Escale la verja y me balanceé en la cima, procurando que la chaqueta o la pernera de los téjanos no se quedaran enganchados en las afiladas puntas. Más allá se extendía el campo abierto: valles en sombra, la curva ascendente de hileras de colinas iluminadas por la luna, grupos de robles negros aquí y allá, apenas visibles.

Cuando me dejé caer al otro lado de la verja la hierba, exuberante debido a las recientes lluvias de invierno me cubrió hasta la rodilla. Aspire el aroma del verde jugo procedente de las hojas aplastadas bajo mis zapatos.

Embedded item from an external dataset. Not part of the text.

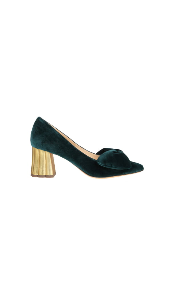 Escarpin "Layla" matière velours avec noeud et talon doré de Chie Mihara

Seguramente Sandy y sus ayudantes revisarían todo el perímetro de la propiedad, así es que rodeé la parte inferior de la colina, para alejarme de la funeraria. Quería salir del alcance de sus linternas antes de que llegaran a la verja.

Pero me alejé también de la ciudad, lo cual no era conveniente. No encontraría ayuda en una zona desierta. Cada paso hacia el este era un paso hacia el aislamiento, y en una zona aislada yo era tan vulnerable como cualquiera, más vulnerable que la mayoría.

Por suerte la época del año estaba de mi parte. Si hubiera sido pleno verano la hierba estaría tan dorada como el trigo y tan seca como el papel. Mi avance hubiera quedado marcado por una franja de tallos hollados.